→ EXERCISE REQUIREMENTS:
Only the lines from the one containing "TRAIANO DECIO, 249-251" through the end of the data below are to be repeated, exactly as given, without pictures.

→ COLLECTED MATERIAL:
——————
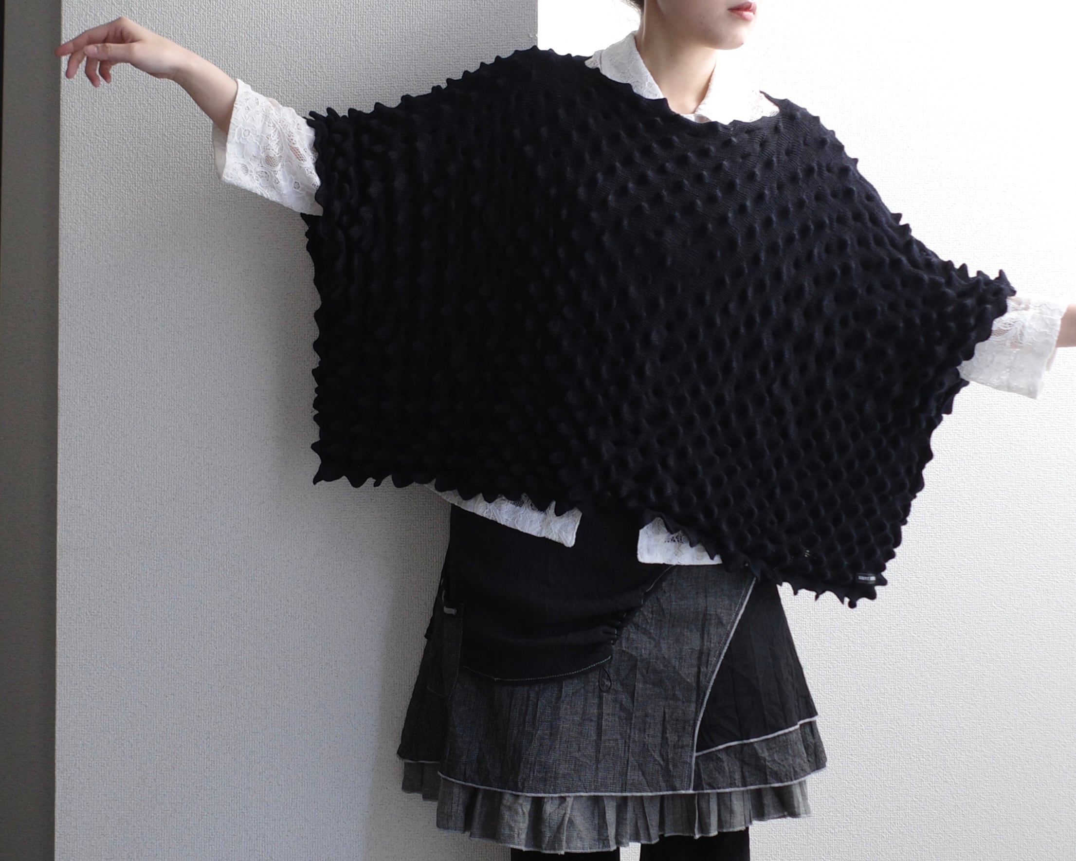 棘状の起伏あるニット生地が抜群に映えます。
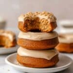 Keep baked pumpkin donuts covered tightly at room temperature for 1 to 2 days. For longer storage, refrigerate them up to 1 week. Before serving, bring to room temperature or warm slightly for best texture. If iced, the glaze sets after about an hour, making them easy to stack and transport.
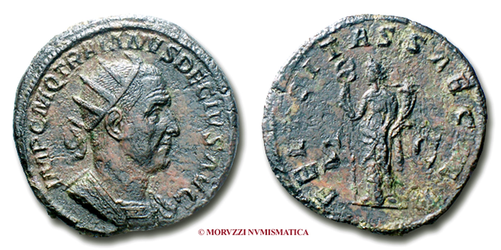 TRAIANO DECIO, 249-251 d.C., DOPPIO SESTERZIO, Emissione: 249-251 d.C., Zecca di Roma, Rif. bibl. R.I.C., 115a/R; Cohen, 39/Fr. 30; Metallo: AE, gr. 33,51, (MR87756), Diam.: mm. 36,63, mBB/BB, (R)
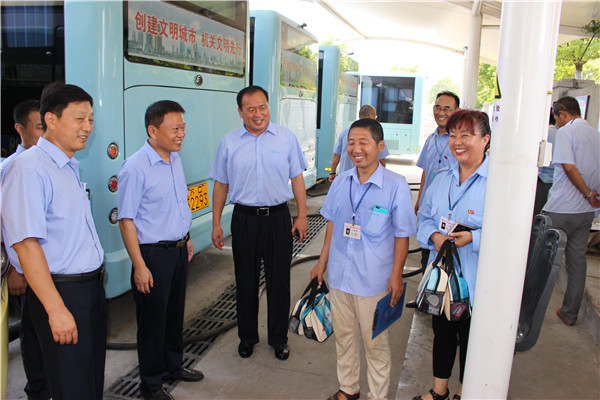 炎炎烈日下,空調(diào)公交車成為市民出行首選。為給市民營(yíng)造舒適、涼爽的乘車環(huán)境,各運(yùn)營(yíng)公司應(yīng)用公交GPS智能調(diào)度系統(tǒng),科學(xué)調(diào)度、靈活排班、保證運(yùn)力充足。同時(shí),結(jié)合創(chuàng)建工作,提高服務(wù)質(zhì)量,全市2100多輛空調(diào)車全部開(kāi)足冷氣;駕乘人員揮汗如雨堅(jiān)持“一趟一清掃”,認(rèn)真做好車輛清潔工作;督導(dǎo)隊(duì)員冒著高溫在各大站臺(tái)維持秩序、扶老攜幼、做好導(dǎo)乘服務(wù)、嚴(yán)查易燃易爆及危險(xiǎn)品。由于各項(xiàng)舉措落實(shí)到位,確保了高溫期間全市161條公交線路運(yùn)營(yíng)順暢,乘客走好走了。(圖為董事長(zhǎng)、總經(jīng)理杜紅軍,總經(jīng)理助理李修超一行在食品城充電站慰問(wèn)堅(jiān)守崗位的充電員工。)
——————
→ RESPONSE TO THIS TASK:
 TRAIANO DECIO, 249-251 d.C., DOPPIO SESTERZIO, Emissione: 249-251 d.C., Zecca di Roma, Rif. bibl. R.I.C., 115a/R; Cohen, 39/Fr. 30; Metallo: AE, gr. 33,51, (MR87756), Diam.: mm. 36,63, mBB/BB, (R)
 炎炎烈日下,空調(diào)公交車成為市民出行首選。為給市民營(yíng)造舒適、涼爽的乘車環(huán)境,各運(yùn)營(yíng)公司應(yīng)用公交GPS智能調(diào)度系統(tǒng),科學(xué)調(diào)度、靈活排班、保證運(yùn)力充足。同時(shí),結(jié)合創(chuàng)建工作,提高服務(wù)質(zhì)量,全市2100多輛空調(diào)車全部開(kāi)足冷氣;駕乘人員揮汗如雨堅(jiān)持“一趟一清掃”,認(rèn)真做好車輛清潔工作;督導(dǎo)隊(duì)員冒著高溫在各大站臺(tái)維持秩序、扶老攜幼、做好導(dǎo)乘服務(wù)、嚴(yán)查易燃易爆及危險(xiǎn)品。由于各項(xiàng)舉措落實(shí)到位,確保了高溫期間全市161條公交線路運(yùn)營(yíng)順暢,乘客走好走了。(圖為董事長(zhǎng)、總經(jīng)理杜紅軍,總經(jīng)理助理李修超一行在食品城充電站慰問(wèn)堅(jiān)守崗位的充電員工。)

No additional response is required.